А песни их всё были слёзные, жалостливые, пронзительные. Часто связанные со вчерашними боями: «Я вернулся с войны, / А жены моей нет. / Вышла замуж она за другого. / И детей забрала, / Вещи все продала, / Чтоб не видеть калеку больного!»
Милостыню просили по-разному. И подавали по-разному. Кто сразу и от души, кто не глядя в глаза просящему. А кто вообще отворачивался к окну, будто это его не касалось. И нищие не обижались, понимали – народ-то сам был нищий. И, постояв немного, шли дальше. Из вагона в вагон.

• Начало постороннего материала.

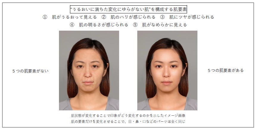 他者へのポジティブな印象を与える肌の構成要素を分解し、それぞれの肌状態を比較することで与える印象や影響についての評価を実施。女性の肌状態を変化させて合成した顔画像を元に、30代女性200名、40代女性200名の計400名にそれぞれの画像の印象と年齢感について10点満点で評価する方法を用いました。結果として、5つの肌要素がある顔においては、特に「自信があるように見える」「いきいきとして見える」「親しみやすそう」などの数値での有意差が見られました。また、全体の印象項目として挙げられる「好印象である」などの数値も高い有意差が見られたことから、5つの肌要素がある肌が相手への印象にポジティブな影響を与えることが分かりました。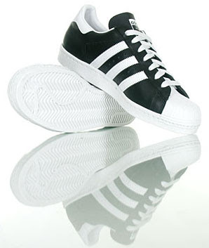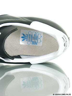 Adidas första Superstar på ett bra tag är en påkostad historia i svart premiumskinn med klassisk shelltoe och innersula i grå mjuk suede. Fina skodon för fint folk.

Или вот такие куплеты: «Здравствуй, папочка. Пишет Аллочка. / Мама стала тебя забывать. / Стала модничать и кокетничать. / С офицерами стала гулять…»
А один его останкинский друг устроился ещё лучше. Он завёл морскую свинку – вытаскивать из коробки «счастье». Конечно, это была не свинка и не морская, а простой полевой суслик. Рыженький симпатяга. «Письма счастья» умели вытаскивать и попугаи. Но в зоомагазине они были дороги. А сусликов полно в каждом поле, в каждом овраге. И этот учёный зверёк за хлебный шарик или пару варёных горошин, блестя чёрными глазками, охотно вытаскивал из коробки двумя острыми зубками сложенный листочек с написанными чернильным карандашом предсказаниями. Один из многих. И счастливица (гадали ведь одни бабы), развернув и волнуясь, читала свою «судьбу»: «По дальней дорожке жди бубновую даму с радостной вестью. Встречай хлебом-солью, да не гневи». Были даже стихи, переписанные из книжки: «Ты ещё жива, моя старушка? Жив и я. Привет тебе, привет». Или: «Плохой человек обмануть тебя хочет. А человек хороший не даст». Или: «В последнюю среду после зимы придёт к тебе король треф. Глаза серые, зуб золотой». И у этого инвалида какое-то время всё шло хорошо. Он носил клетку со свинкой по вагонам и продавал «счастье». Но однажды свинка почему-то издохла. И хозяин загоревал так, что на горе родным горько запил. А другого суслика ловить и учить не захотел.
Учёный суслик умер, но с тех пор в народе осталась память о таком гадании и весёлая песенка. Правда, не про суслика, а про попугая, наверное какаду: «Нагадал мне попугай счастье по билетику. Я три года берегла эту арифметику. Любовь – кольцо, а у кольца начала нет и нет конца. Любовь – кольцо».
А ещё на рынок к Мише-жестянщику иногда приходил гвардии лейтенант Егоров, танкист с Хованской улицы. Он дошёл до самого Будапешта. Пил редко, всё-таки образованный, комсостав. И курил не как все рассыпную махорку-махру в кисете, а угощал всех дорогими папиросами в коробке «Казбек» с картинкой: силуэт джигита на коне на фоне гор и синего неба. И через минуту коробка пустела. И только Миша среди всех не курил. Он бросил ради жены, которая терпеть не могла табачного дыма.
Подшучивал, обращаясь к жестянщику: «Ну что, Михаил-Архангел? Живы будем, не помрём? Ничего, держись. Скоро нам прибавят пенсию. Добьёмся». Хотелось ему ответить, как мать в деревне говаривала: «Твоими бы устами да мёд пить». Но молчал. А про небесного заступника Михаила-Архангела Миша знал лишь то, что сам был крещён во имя его. Мать крестила своего сына-первенца тайно в день Архангела Михаила в соседнем селе, где большевики тогда ещё не сломали церковь и не расстреляли батюшку. Да и сама губерния именовалась Архангельской в честь небесного воителя и заступника Архангела Михаила.